* Task goal:
In your copy, include no images, and write out every entry below exactly as it stands.

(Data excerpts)
***

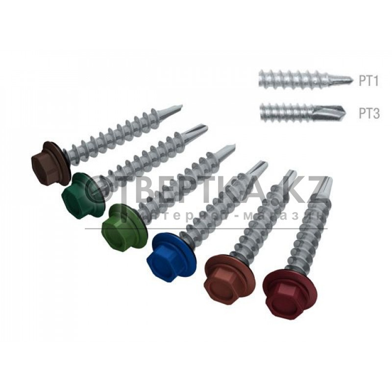 Оцинкованный кровельный саморез с шестигранной головкой, шайбой c резиновой EDPM прокладкой и сверловидным наконечником. Основание при креплении самореза - металл.
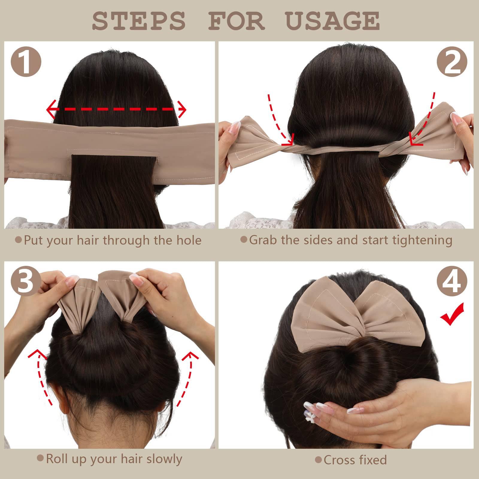 - Easy to apply: the reusable bun crown twisters are convenient for you to use, specifically, firstly, you need to run your ponytail through the center hole, then grab the 2 ends of the hair twister and twist it down once or twice to tighten your hair, finally roll the 2 ends of the hair twister around your ponytail and tie a bow
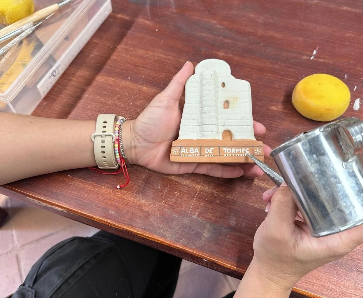El alumnado también ha estado preparando un molde matriz para la elaboración de objetos cerámicos representando la torre del homenaje del Castillo de los Duques de Alba, decorados con juaguete blanco (barro blanco de la zona) y óxidos metálicos y esmaltados con barniz de base plúmbica.
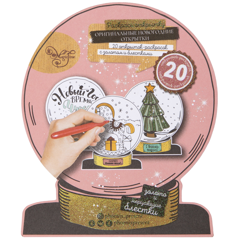 Новогодний альбом раскрасок-открыток (20шт.) "Снежный шар", картон, 13,5*16см
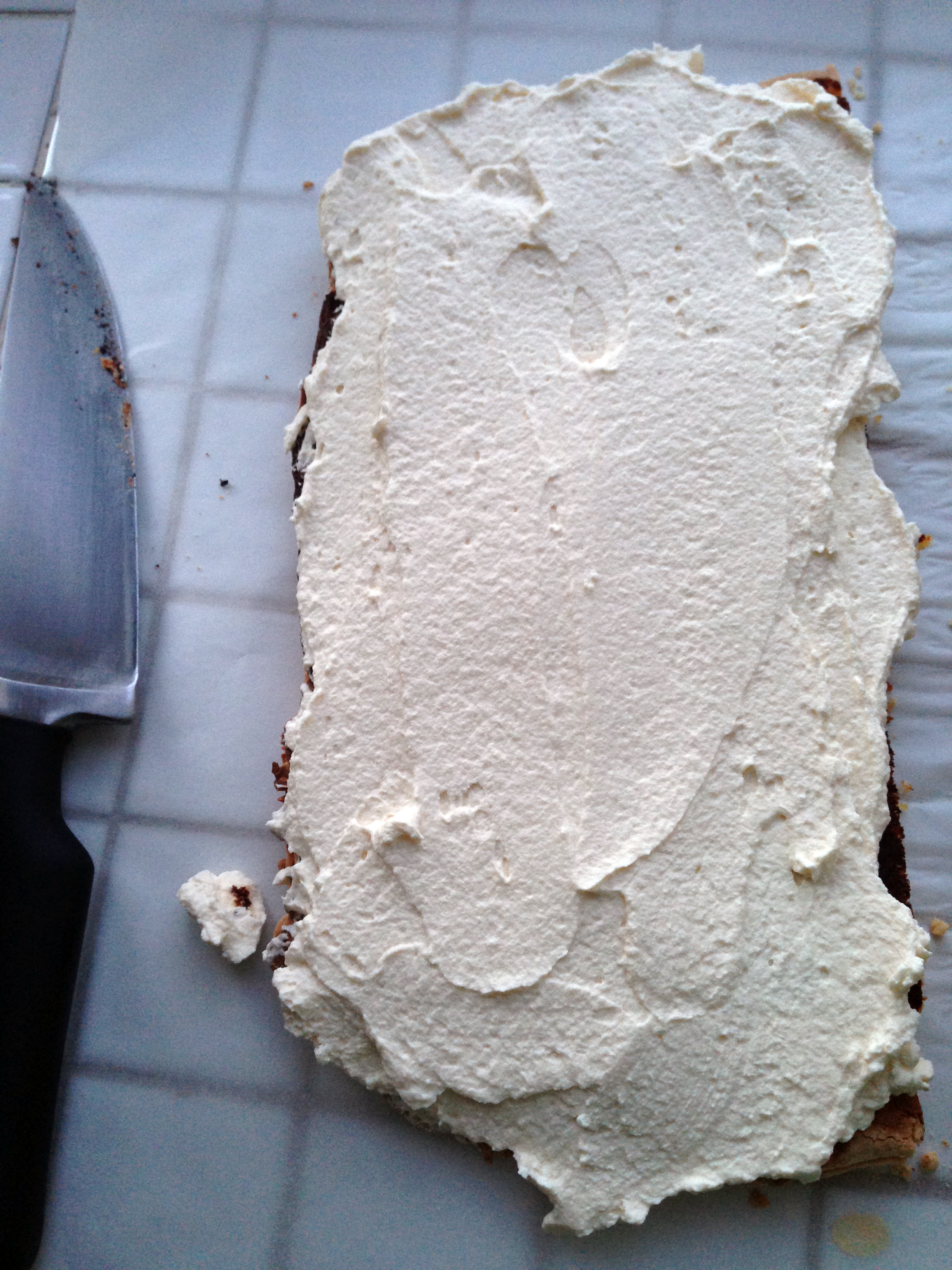 9. Spread the beaten egg whites on sponge cake fully covering the surface.
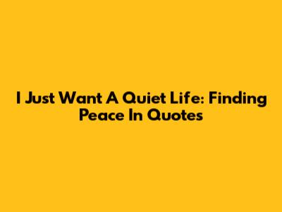 I Just Want A Quiet Life: Finding Peace In Quotes
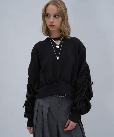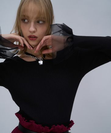 【LADIES】ソデチュールレイヤータイトニットトップス

***

* Output of the exercise:
 Оцинкованный кровельный саморез с шестигранной головкой, шайбой c резиновой EDPM прокладкой и сверловидным наконечником. Основание при креплении самореза - металл.
 - Easy to apply: the reusable bun crown twisters are convenient for you to use, specifically, firstly, you need to run your ponytail through the center hole, then grab the 2 ends of the hair twister and twist it down once or twice to tighten your hair, finally roll the 2 ends of the hair twister around your ponytail and tie a bow
El alumnado también ha estado preparando un molde matriz para la elaboración de objetos cerámicos representando la torre del homenaje del Castillo de los Duques de Alba, decorados con juaguete blanco (barro blanco de la zona) y óxidos metálicos y esmaltados con barniz de base plúmbica.
 Новогодний альбом раскрасок-открыток (20шт.) "Снежный шар", картон, 13,5*16см
 9. Spread the beaten egg whites on sponge cake fully covering the surface.
 I Just Want A Quiet Life: Finding Peace In Quotes
 【LADIES】ソデチュールレイヤータイトニットトップス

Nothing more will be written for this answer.